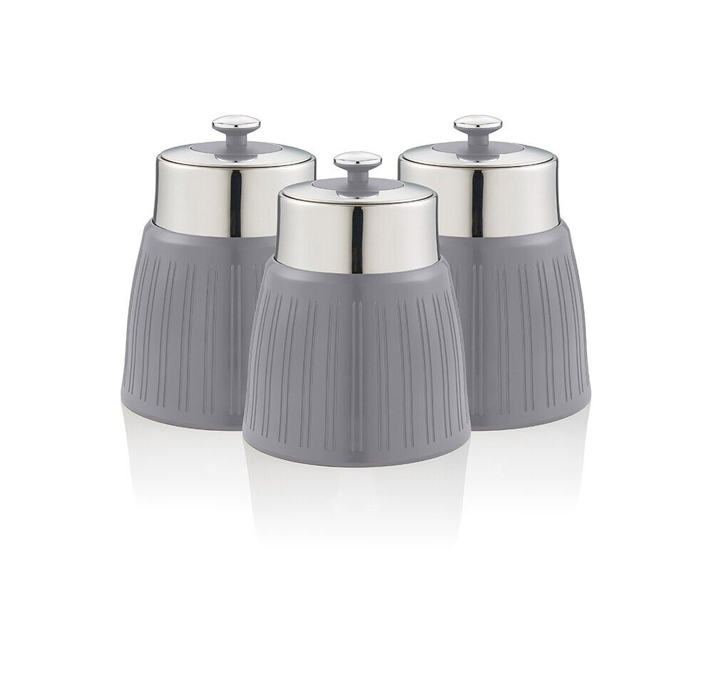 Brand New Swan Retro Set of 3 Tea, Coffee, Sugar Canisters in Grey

##########

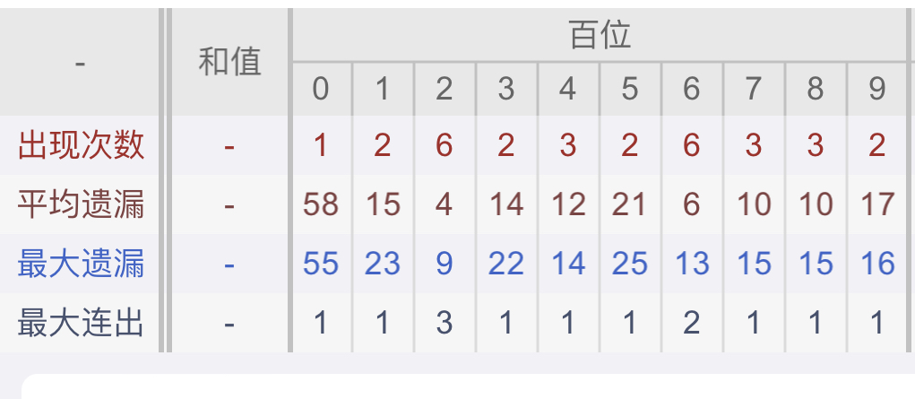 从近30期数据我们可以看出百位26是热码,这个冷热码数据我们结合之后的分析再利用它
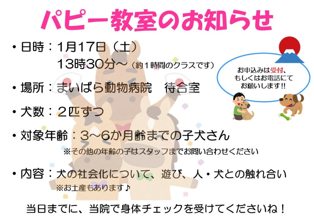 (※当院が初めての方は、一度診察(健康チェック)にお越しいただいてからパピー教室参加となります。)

##########

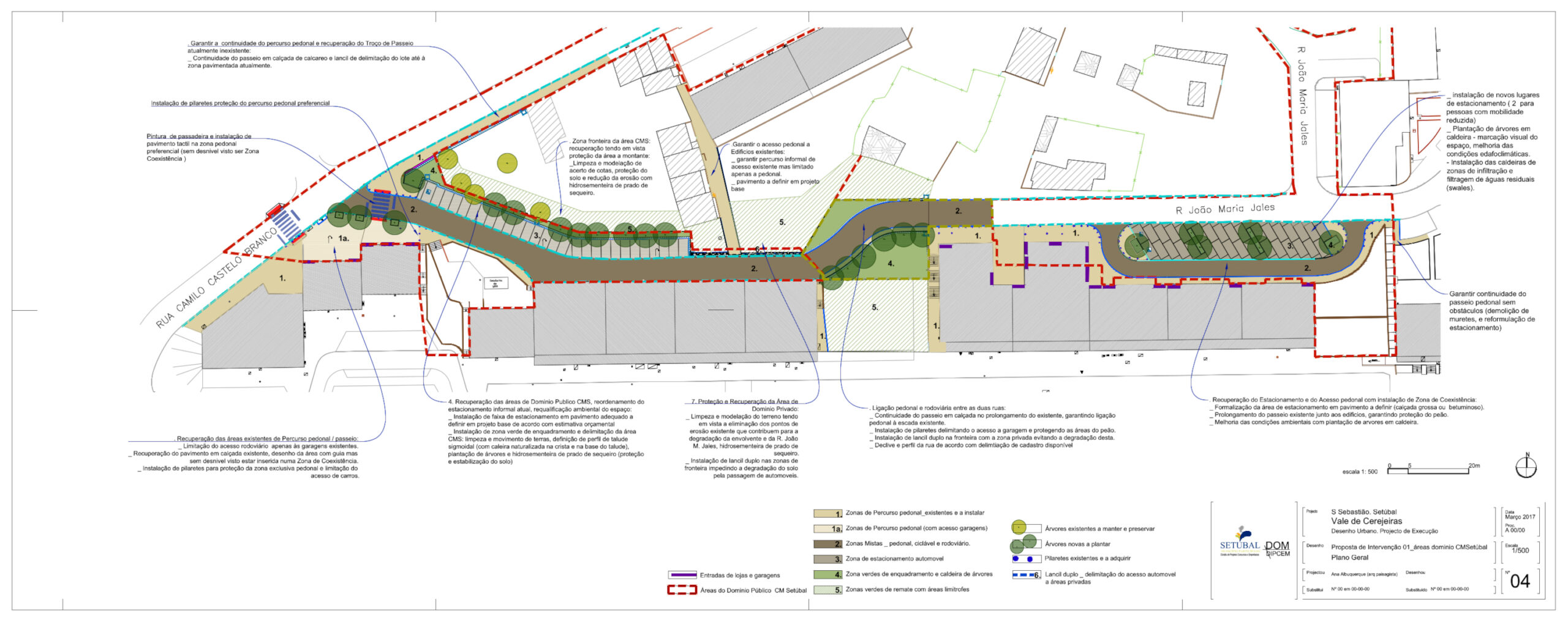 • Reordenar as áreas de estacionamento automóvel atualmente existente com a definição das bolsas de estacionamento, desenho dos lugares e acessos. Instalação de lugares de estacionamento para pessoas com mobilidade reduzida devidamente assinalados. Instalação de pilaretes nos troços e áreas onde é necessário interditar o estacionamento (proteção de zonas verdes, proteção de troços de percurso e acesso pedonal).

##########

(WHAT THE TASK ASKS): Restate the lines above from the one containing "从近30期数据我们可以看出百" through the one containing "(※当院が初めての方は、一度", inclusive, exactly and without pictures.

(TASK RESULT):
 从近30期数据我们可以看出百位26是热码,这个冷热码数据我们结合之后的分析再利用它
 (※当院が初めての方は、一度診察(健康チェック)にお越しいただいてからパピー教室参加となります。)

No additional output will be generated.